— Молчать! — рявкнул Рассадов. — Молчать, когда я говорю! — И далее все тем же размеренно-пренебрежительным тоном: — А вот так! Или сам не знаешь? Так я могу напомнить твои же слова о том, что этих новоявленных буржуев стрелять надо, а не охранять. Твои слова?
— Не помню. Может, что-то такое и говорил, но лишь относительно тех, кто украл у нас же, то есть у народа, миллиарды и продолжает красть без зазрения совести.
— А ты кто такой? Прокурор? Судья? Кто тебе давал право рассуждать на эту тему? Тебя для чего учили? И кто поручится, что ты завтра не выстрелишь в своего работодателя? Или не сдашь его бандитам? Лично я поручиться не могу. Поэтому не могу и не имею права рисковать репутацией школы. А теперь самое главное: вам обоим придется возместить расходы на ваше обучение. Все до последней копейки. Никакого документа вы не получите. А получите на руки квитанцию, которую вам придется оплатить в Сбербанке. На этом все. Вы двое — в бухгалтерию! Остальные могут продолжить занятия.
Тепляков вглядывался в растерянные глаза стоящих перед ними парней и пытался вспомнить, говорили они что-нибудь подобное при нем, но память ему ничего не подсказывала. А ведь он и сам, когда речь заходила обо всех этих нуворишах, думал примерно то же самое, правда, не высказывая свои мысли вслух. Наверняка мысли и всех остальных, вышедших из низов, ничем от его мыслей не отличались. Но ведь их готовили к работе — всего-навсего. И от работы какого-нибудь токаря-пекаря, вкалывающего на своего хозяина и получающего за свой труд гроши, их будущая работа ничем не отличается. Разве что более высокой зарплатой. А вообще, все так запутано, что сам черт не разберет, кто прав, кто виноват, и что такое справедливость, если судить о ней с общечеловеческих позиций. Ведь сказано же в Библии что-то вроде того, что скорее верблюд пройдет сквозь игольное ушко, чем богатый попадет в рай. Так почему богатого такая перспектива не пугает, а бедняку приходится всякий раз оглядываться и соизмерять свои поступки с десятью библейскими заповедями? Одно из двух: или нет никакого рая и ада, или за деньги можно купить прощение всех грехов.
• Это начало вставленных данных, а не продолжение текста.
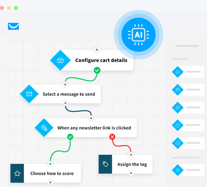 GetResponse provides a powerful visual automation builder with advanced workflows, conditional logic, loops, scoring, tagging, and AI-driven campaign suggestions. You can create complex customer journeys without limits.

Впрочем, подобные рассуждения Теплякову в голову приходили лишь в исключительных случаях: в бога он не верил, не был даже крещен, потому что в него не верили родители, в училище поп появился к концу третьего курса, но далеко не все ходили к нему исповедоваться в своих мелких прегрешениях. Однако в горнострелковой бригаде частенько перед заданием многие шли в церковь, кое-кто — в мечеть.
Тепляков не ходил никуда. И не он один. Положение было неустойчивым, командование, сплошь имевшее советские корни, пребывало в растерянности.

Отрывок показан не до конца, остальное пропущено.